**WORK TO COMPLETE:**
Nothing but a verbatim copy of the data, minus the images, should be returned.

SUPPLIED DATA Start Marker

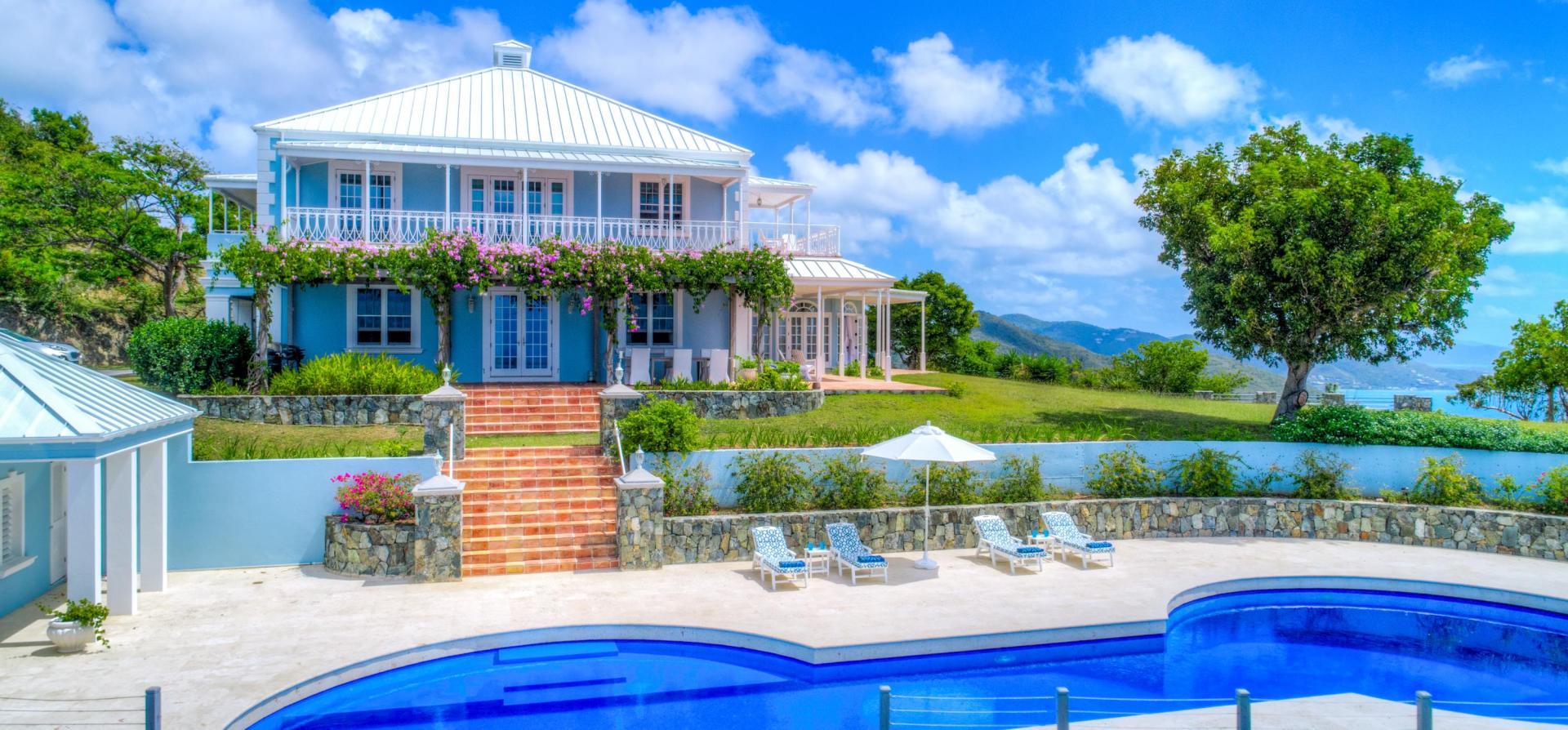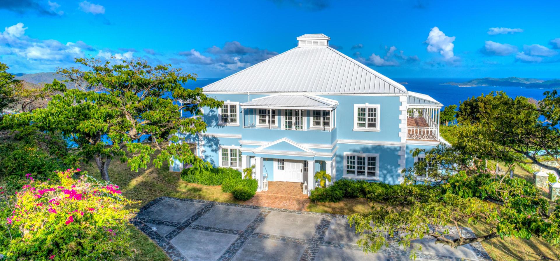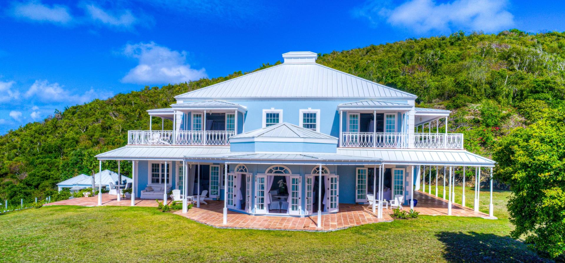 In the quest for the perfect island property, Loblolly has few equals. This elegant and thoroughly modern estate is one of the finest in the British Virgin Islands, its seven acres on Tortola’s south shore showcased by this breathtaking home. The property recently underwent a full renovation, transforming it into an ultra-contemporary retreat that still retains its original architectural designs and features. The powder-blue exterior with white railings and stonework gives this comfortable turnkey property a European feel with a Caribbean sensibility.
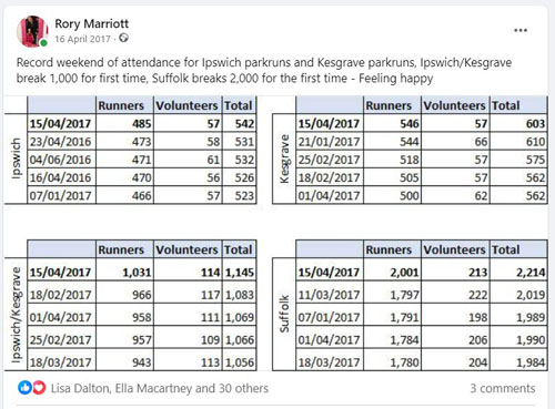 This was followed up by a couple of weeks at the home event during which time there were some pretty impressive stats for parkrun in both Ipswich/Kesgrave and for Suffolk as a whole.
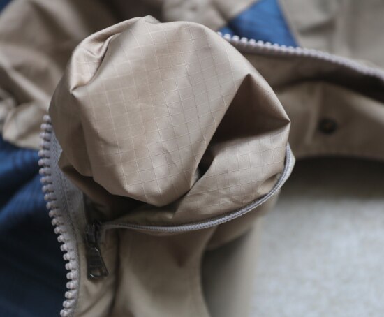 大身的蓝色格布 可轻度防泼水 外层和内袖筒 防水性都极佳

SUPPLIED DATA End Marker

**ANSWER BELOW:**
 In the quest for the perfect island property, Loblolly has few equals. This elegant and thoroughly modern estate is one of the finest in the British Virgin Islands, its seven acres on Tortola’s south shore showcased by this breathtaking home. The property recently underwent a full renovation, transforming it into an ultra-contemporary retreat that still retains its original architectural designs and features. The powder-blue exterior with white railings and stonework gives this comfortable turnkey property a European feel with a Caribbean sensibility.
 This was followed up by a couple of weeks at the home event during which time there were some pretty impressive stats for parkrun in both Ipswich/Kesgrave and for Suffolk as a whole.
 大身的蓝色格布 可轻度防泼水 外层和内袖筒 防水性都极佳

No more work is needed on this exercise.